COUVA, TRINIDAD AND TOBAGO – OCTOBER 10: Matt Besler of the United States mens national team reacts as the USA lose to Trinidad and Tobago 2-1 during the FIFA World Cup Qualifier match between Trinidad and Tobago at the Ato Boldon Stadium on October 10, 2017 in Couva, Trinidad And Tobago. (Photo by Ashley Allen/Getty Images)

Fox Sports swiped the World Cup rights from ESPN in 2011. It looked like a major coup. ESPN wanted it. Soccer seemed to be a fast-growing sport and television product with critical demographics (young people, Hispanic people). Things improved even more when FIFA handed Fox the rights to 2026 as a makegood for moving the 2022 World Cup to winter.

But now, months away from the tournament, Fox Sports attaining the World Cup rights looks like it could be a disaster, for the network and the sport. It has nothing to do with the “Fox stuff” soccer fans feared, such as trying to make Gus Johnson happen or trolling viewers with Piers Morgan and Bruce Arena way too soon.

The USMNT screwing up qualifying was a significant blow. Those matches are why you get the World Cup. The USMNT drew three to four times the audience for an average World Cup match for ESPN in 2014. USA-Portugal attracted more viewers than the World Cup Final. Imagine ESPN’s bowl season, but you change out the two college football playoff semifinals and the Rose Bowl for three more iterations of the Texas Bowl. Not having the Americans is massive.

Qualification outside CONCACAF did not help. Argentina made it in the final round. Messi will play. But Italy and Ireland – two countries with strong followings in the U.S. – won’t be there. The Netherlands and two-time reigning Copa America champs Chile miss out as well. Group play eliminated three prominent African countries – Ghana, Ivory Coast, Algeria – with recent World Cup history. Smaller teams have replaced powerhouses. A possible group for Fox could be Russia, Peru, Senegal, and Saudi Arabia. Feel the excitement.

The time zone differential compounds the problem. It is far from ideal for U.S. viewers. Matches will kick off at 7 AM ET most days. One begins at 5 AM ET. The final will be at 10 AM ET. Watching this tournament will be a grind and almost impossible for people with 9-to-5 jobs. Fox Sports will be thankful that Russia abandoned Daylight Savings Time in 2014. The matches could have started an hour earlier.

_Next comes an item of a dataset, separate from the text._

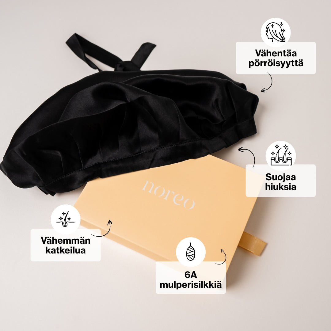 Noreon silkkinen myssy on ideaali valinta hiusten hoivaamiseen ja suojelemiseen. Toisin kuin nailon, puuvilla tai polyesteri, silkki on pehmeää ja vähentää kitkaa, mikä puolestaa vähentää hiusten katkeilua ja pörröisyyttä.

Russia, it should be noted, is the good World Cup from the 2018/2022 pair. Qatar offers the same time zone challenge as Russia. Moving the World Cup to November/December is great for the players who won’t be subbed off in the 64th minute with heatstroke. It’s not good for Fox Sports. Instead of great ratings during a normal lull, that tournament will compete for attention, coverage, and advertisers with the NFL, college football, the NBA, and the NHL happening concurrently.

Fox Sports did get the 2026 World Cup without bidding. That could be quite fortuitous as the U.S./Canada/Mexico bid should be an overwhelming favorite to land that tournament. Of course, that World Cup could prove a disaster with the format change. FIFA expanded it to 48 teams. That means 16 groups of three teams. That means 16 final group matches in which the two participants know the exact result needed for both to advance. A lousy opening result could all but eliminate the U.S.

With television changing, it’s not clear how valuable the World Cup will be. Tournaments like that and the Olympics are great at drawing a casual audience for one month every two to four years. But that casual audience is cable subscribers who are diminishing by the millions. If your revenue is coming from a streaming service, it’s much better to have the EPL running August to May every year than a one-off competition.

How valuable will the World Cup be for Fox? Presumably, Fox planned to drive that World Cup audience into its other soccer properties. Since 2011, NBC Sports locked down the Premier League rights. Fox Sports just lost the Champions League to Turner. Fox is left with the Bundesliga and a shared MLS deal. The tournament should be rife with promos for mediocre Big Ten football games.

More important may be the question of what this means for soccer moving forward. We are looking at the prospect of consecutive underwhelming World Cups and the USMNT not playing a meaningful match for more than a year.

Ten years ago in the U.S., soccer was something you watched on a niche network and discussed on weird message boards. SportsCenter anchors giggled through the occasional highlight, mispronouncing foreign names. MLS teams could not even get shirt sponsors. The sport has grown. But the unanswered question is how much of that was due to active ESPN promotion. Consult the NHL over the past 13 years for what happens when that spigot stops.

Christian Pulisic may be the long-awaited Maradona/Ronaldo/Messi of American soccer’s dreams. But, there’s a danger few Americans will have a reason to watch him.